▸ **Available data**:
/---

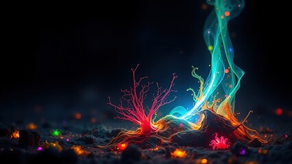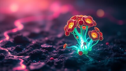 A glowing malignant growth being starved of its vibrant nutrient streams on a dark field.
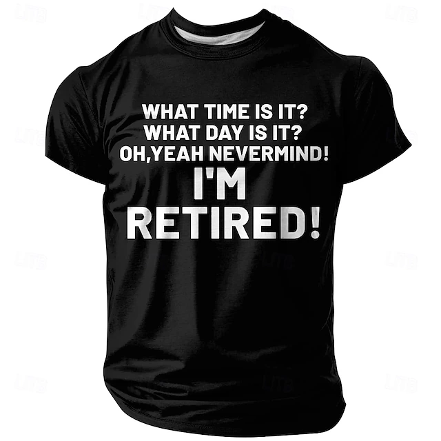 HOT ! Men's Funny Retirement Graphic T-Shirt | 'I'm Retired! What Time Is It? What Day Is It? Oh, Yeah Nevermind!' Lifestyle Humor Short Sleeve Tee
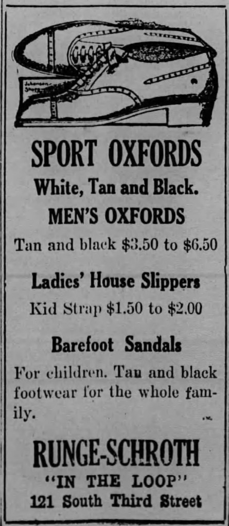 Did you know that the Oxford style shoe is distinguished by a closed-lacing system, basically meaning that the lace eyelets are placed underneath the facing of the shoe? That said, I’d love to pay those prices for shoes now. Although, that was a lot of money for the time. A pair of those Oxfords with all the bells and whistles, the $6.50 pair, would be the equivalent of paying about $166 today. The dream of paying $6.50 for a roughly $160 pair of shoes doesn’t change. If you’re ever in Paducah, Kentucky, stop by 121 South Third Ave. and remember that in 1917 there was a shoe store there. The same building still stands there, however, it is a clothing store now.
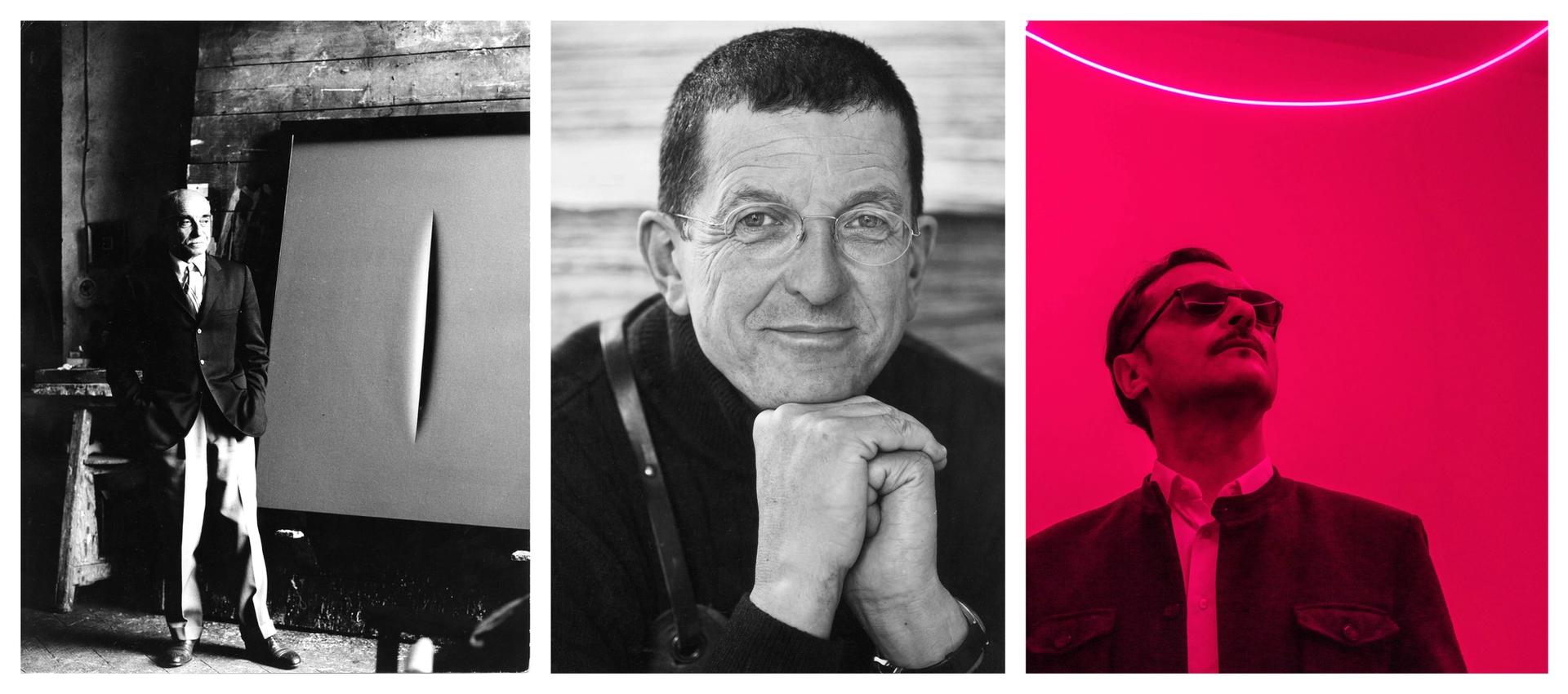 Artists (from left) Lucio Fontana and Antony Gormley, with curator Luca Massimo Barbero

\---

▸ **Goal of the exercise**:
Once the pictures are set aside, output all of the data above verbatim.

▸ **Answer box**:
 A glowing malignant growth being starved of its vibrant nutrient streams on a dark field.
 HOT ! Men's Funny Retirement Graphic T-Shirt | 'I'm Retired! What Time Is It? What Day Is It? Oh, Yeah Nevermind!' Lifestyle Humor Short Sleeve Tee
 Did you know that the Oxford style shoe is distinguished by a closed-lacing system, basically meaning that the lace eyelets are placed underneath the facing of the shoe? That said, I’d love to pay those prices for shoes now. Although, that was a lot of money for the time. A pair of those Oxfords with all the bells and whistles, the $6.50 pair, would be the equivalent of paying about $166 today. The dream of paying $6.50 for a roughly $160 pair of shoes doesn’t change. If you’re ever in Paducah, Kentucky, stop by 121 South Third Ave. and remember that in 1917 there was a shoe store there. The same building still stands there, however, it is a clothing store now.
 Artists (from left) Lucio Fontana and Antony Gormley, with curator Luca Massimo Barbero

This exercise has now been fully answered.